И помню только, как боялась за меня эта отцовская сестра Хаят, или Маруся, как она сказала, чтоб я ее называла. И я помню, как она тайком-тайком как-то ко мне подобралась и подсунула мне яйцо, и таким каким-то образом хотела заставить меня немножко поесть. Я вдруг стала слабеть, уже не могла ходить. Ну, каких-то врачей там не было, но кто-то понимал, сказал: «Да, плохо это, помрет ваша девчонка-то. Ну, это же у нее голодная дизентерия».
Кто-то сказал, я это слышала. Слышала и бабушка. Я чувствую какое-то почти улетание, так легко, так беззаботно, главное — ничего не нужно страшиться, ничего не хочется — ни есть, ни пить, ничего-ничего. Просто лежать, так лежать и как будто куда-то возвышаться.
Но все-таки бабушка нашла где-то мать, которая на какой-то службе была как переводчица. Она послала телеграмму: «Беллочка умирает»... Через какое-то время, вот уж не знаю, как далеко возлетели мои увядшие крыла, вдруг я увидела, что надо мной стоит какая-то рыдающая женщина в военной форме. Я даже не узнала, то есть это была мать, приехала... Но я ее не узнала. И дальше, собственно, опять начинается некоторый промежуток, потому что как-то немножко, наверное, меня откачали, и когда можно было уже передвигать меня, то на пароходе отправили, вот. А город — то ли это были Набережные Челны, ну, что-то в этом роде, близко там как-то. Там я стала приходить в себя.

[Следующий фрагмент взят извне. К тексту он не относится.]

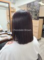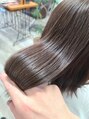 アイロンで外ハネさせたミディアムボブ。カラーはモカベージュで程よい透明感をプラス。アイロンは波打ちするように入れると可愛いです☆

Я рано начала писать, но с другим каким-то очарованием, не с тем, как многие, может быть, дети, другим у меня было увлечение, я читала Гоголя, а еще я читала Бичер Стоу. Вот эта Бичер Стоу очень на меня влияла, и в стихах у меня все время был несчастный какой-то мальчик, негр. И все время какие-то плантаторы, какие-то бедные, измученные, ни в чем не повинные негры. Поэтому я так могу радоваться за президента американского, к нему испытываю какую-то смехотворную нежность, он даже не знает, что в Москве некто все время писал про негров.
Мое имя Изабелла, почему? Моя мать в тридцатых годах была помешана на Испании. Она бабушку просила найти для новорожденной испанское имя. Но в Испании все-таки Изабель. Бабушка даже думала, что королеву называют Изабелла, а по-настоящему ж королеву Изабель называют. Но я рано спохватилась и сократила все это до Белла. Только Твардовский называл меня Изабелла Ахатовна. Я вот очень смущаюсь, когда меня называют Белла Ахматовна, это все время, и в больнице продолжалось. Я говорю: «Простите, я — Ахатовна, мой отец — Ахат»».
Стихи писала с самого детства, занималась в литобъединении при ЗИЛе у поэта Винокурова. «Прочла в газете, что в автобусном цехе человек пишет стихи, пребывая в какой-то сложной, но невысокой рабочей должности, пишет стихи и при этом занимается в литературном кружке завода Лихачева. И я очень восхитилась. Думаю: «Он пишет стихи? Я тоже чего-то пишу, а он рабочий, и он пишет…». И я поехала и так познакомилась с Винокуровым, который руководил этим кружком.
Евгений Михайлович Винокуров был тогда довольно молод, просто таким образом приходилось подрабатывать. И очень толково, очень остроумно, хоть в тягость, может, ему это было, но… Винокуров потом всегда и говорил, что я его ученица, в каком-то смысле это точно так и было, потому что я приходила, ездила в этот кружок.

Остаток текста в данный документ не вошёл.